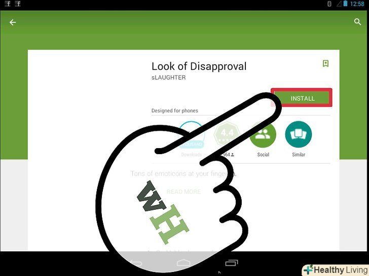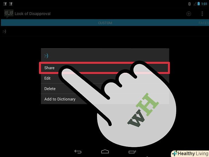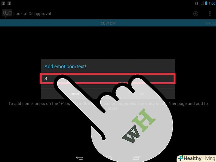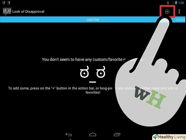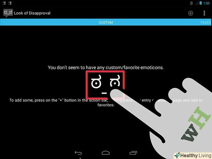Скачайте додаток»Look of Disapproval". це безкоштовний додаток, що дозволяє швидко скопіювати безліч смайликів в буфер обміну Android, щоб вставляти їх в текстовому полі. Ви також можете додавати власні смайлики.- Завантажити цю програму можна з Google Play Store.
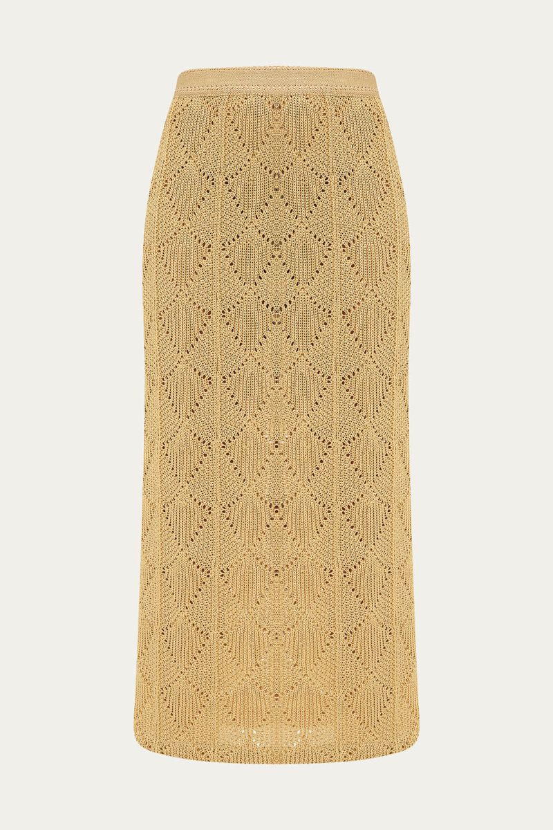 Saia midi em tricot de ráfia
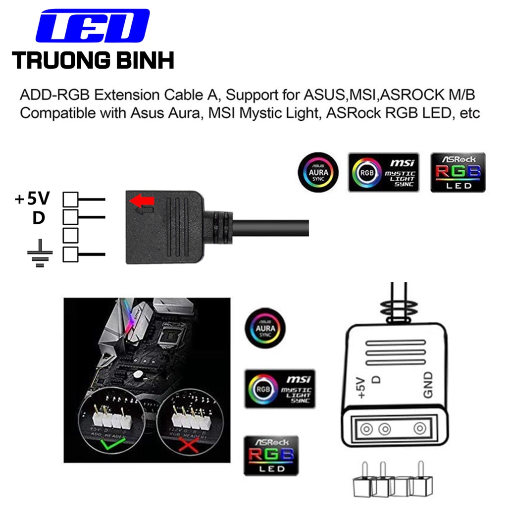 - Lưu ý: giá niêm yết bao gồm đầu nối argb và kim 3pin - Điện áp: ≤36V - Kí hiệu: Đỏ DATA, xanh dương GND, đen V+ 5V - Chiều dài dây: 15cm/30cm/50cm - Dùng kết nối cổng A-RGB 5v 3PIN board máy tính với dây led full màu WS2812B - Kim 3pin ko tặng kèm theo dây ARG
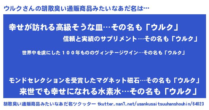 | 意味不明あだ名 | 『住所不定無職ウルク(13歳)』 |
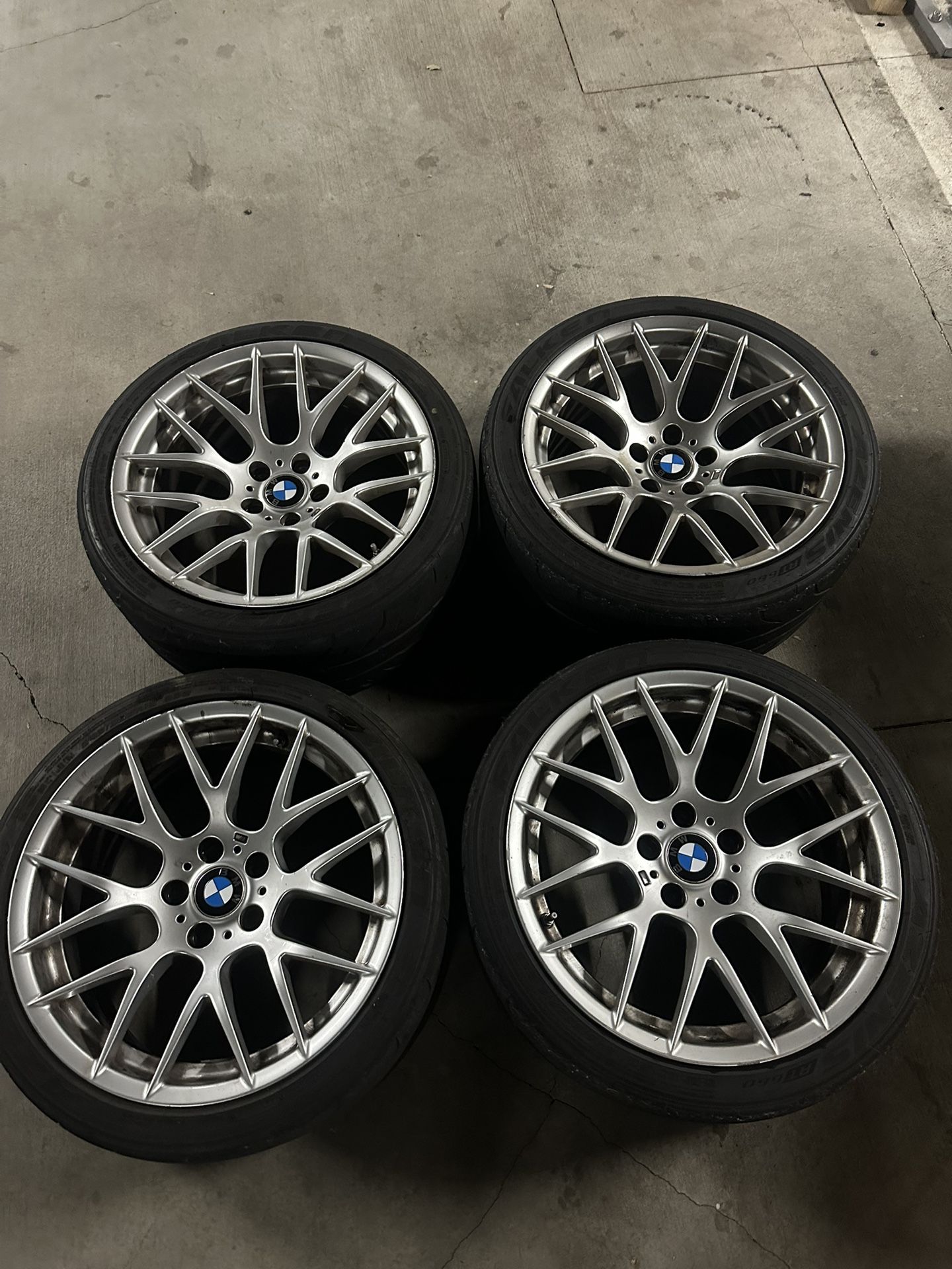 Oem bmw Comp wheels need a refinish been in storage for 3 years great wheels for a project no bends or cracks some scuffs here and there Tires do need replacing 1200 obo
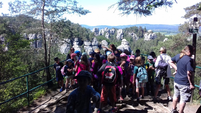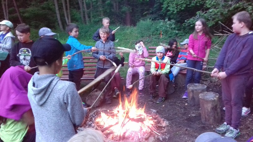 Konečně jsme se dočkali! Kdo by se netěšil do ráje? A my tam jedeme rovnou na tři dny. Nasedáme do vlaku, posíláme poslední pozdravy rodičům a vyrážíme vstříc novým dobrodružstvím. Z Turnova už ale šlapeme „po svých“, což je mnohem větší zábava, poněvadž si můžeme prohlédnout sochy ze dřeva, nakrmit hospodářská zvířata, napít se z „chytrých“ pramenů, těšit se z úžasné přírody a třeba se i projít po spadlém stromu. Cestujeme dokonce i v čase. Díky návštěvě hradu Valdštejn si umíme živě představit, jak se dobývá a brání hrad. Tím ale rozhodně nekončíme. Po ubytování vyrážíme do kempu za další zábavou. Další den nám azurová obloha říká, že se počasí určitě vydaří. Lezeme na Dračí zub (skála), užíváme si dech beroucích výhledů, stavíme domečky pro skřítky, prohlížíme skalní reliéfy, opékáme hady a vydáváme se na romantickou noční stezku. V nohách máme 17 km a znaveni padáme do postýlek. Těšíme se na další den, co nového zažijeme. Po výborné snídani se dělíme na tři skupiny, které se vzájemně střídají v těchto činnostech: střelba ze vzduchovky, obratnost v chůzi po kládě padlého stromu přes potok, hry v kempu. A protože toho máme hodně co vyprávět, vydáváme se zpátky domů. Sláva super výletům, nezmokli jsme, už jsme tu!
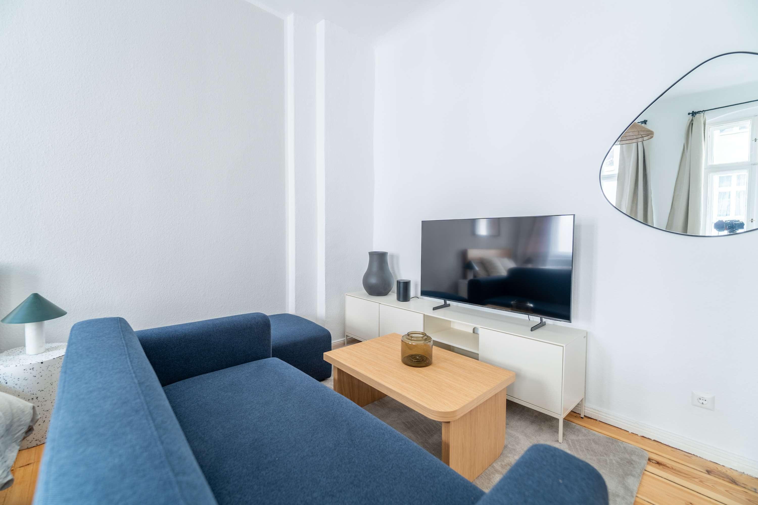 This stunning furnished studio apartment features contemporary design, a fully equipped kitchen, and a cozy living area with breathtaking views. Perfectly situated, you'll have easy access to everything that makes Berlin vibrant and exciting!

__What is required__. Copy nothing but the lines above that run from the one with "- Lưu ý: giá" to the one with "意味不明あだ名 | 『住所不定無職ウルク(13歳)』 |", ends included; pictures stay out.

__Response area__.
 - Lưu ý: giá niêm yết bao gồm đầu nối argb và kim 3pin - Điện áp: ≤36V - Kí hiệu: Đỏ DATA, xanh dương GND, đen V+ 5V - Chiều dài dây: 15cm/30cm/50cm - Dùng kết nối cổng A-RGB 5v 3PIN board máy tính với dây led full màu WS2812B - Kim 3pin ko tặng kèm theo dây ARG
 | 意味不明あだ名 | 『住所不定無職ウルク(13歳)』 |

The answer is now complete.